Decabromodiphenyl ethane induces locomotion neurotoxicity and potential Alzheimer's disease risks through intensifying amyloid-beta deposition by inhibiting transthyretin/transthyretin-like proteins.

As a major alternative to traditional brominated flame retardants (BFRs), decabromodiphenyl ethane (DBDPE) is widely used and has been commonly detected in various environmental media and organisms. Few previous studies have focused on DBDPE-induced locomotion neurotoxicity, and the exact molecular mechanisms and related health risks remain unclear. In this study, we first analyzed the locomotion indicators of nematodes following DBDPE exposure, demonstrated that DBDPE caused locomotion neurotoxicity, and identified that a series of the transthyretin (TTR)-like genes participated in the regulation of nematode motility by transcriptomic analysis, gene transcription validation and TTR-like mutant verification. Subsequently, this study demonstrated that DBDPE exacerbated amyloid-beta (Aß) deposition by repressing TTR/TTR-like gene transcription based on Alzheimer's disease (AD) model nematodes and human SH-SY5Y cells following DBDPE exposure and further revealed that DBDPE reduced the binding between TTR and Aß by competing with the strand G region sites on the TTR/TTR-like protein, ultimately exacerbating Aß deposition and the risk of AD. In short, our study demonstrated that DBDPE induced locomotion neurotoxicity and potential AD risks through intensifying Aß deposition by inhibiting TTR/TTR-like proteins, providing reference support for risk management and policy formulation related to DBDPE and similarly structured novel BFRs.

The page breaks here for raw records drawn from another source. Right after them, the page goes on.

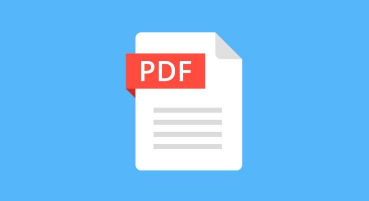 Ícone de arquivo PDF em um fundo azul.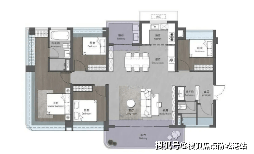 :户型最大亮点为大面积入户花圃!适配刚需至改善各类家庭需求!届时从项目出发6坐可中转白鹅潭CBD,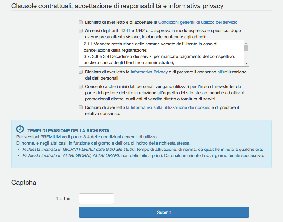 Premendo sul bottone “RICHIEDI” sarai reindirizzato direttamente al form di attivazione, che dovrai compilare in tutte le sue parti…

Tris(1,3-dichloro-2-propyl) phosphate reduces longevity through a specific microRNA-mediated DAF-16/FoxO in an unconventional insulin/insulin-like growth factor­1 signaling pathway.

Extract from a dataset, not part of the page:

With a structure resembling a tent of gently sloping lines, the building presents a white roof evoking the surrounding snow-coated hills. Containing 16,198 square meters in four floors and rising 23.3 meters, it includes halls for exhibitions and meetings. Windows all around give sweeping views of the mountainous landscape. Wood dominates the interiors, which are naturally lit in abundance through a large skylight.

Tris(1,3-dichloro-2-propyl) phosphate (TDCPP) has received concerns due to its frequent detection in environmental media and biological samples. Our previous study has indicated TDCPP reduced the lifespan of Caenorhabditis elegans (C. elegans) by triggering an unconventional insulin/insulin-like growth factor signaling (IIS) pathway. This study continued to investigate the possible deleterious effects of TDCPP relating to longevity regulation signal pathways and biological processes. Specifically, this study uniquely performed small RNA transcriptome sequencing (RNA-seq), focusing on the underlying mechanisms of TDCPP-reduced the longevity of C. elegans in-depth in microRNAs (miRNAs). Based on Small RNA-seq results and transcript levels of mRNA involved in the unconventional IIS pathway, a small interaction network of miRNAs-mRNAs following TDCPP exposure in C. elegans was preliminarily established. Among them, up-regulated miR-48 and miR-84 (let-7 family members) silence the mRNA of daf-16 (the crucial member of the FoxO family and pivotal regulator in longevity) via post-transcription and translation dampening abilities, further inhibit its downstream target metallothionein-1 (mtl-1), and ultimately contributed to the reduction of nematode longevity and locomotion behaviors. Meanwhile, the high binding affinities of TDCPP with miRNAs cel-miR-48-5p and cel-miR-84-5p strongly support their participation in the regulation of nematode mobility and longevity. These findings provide a comprehensive analysis of TDCPP-reduced longevity from the perspective of miRNAs.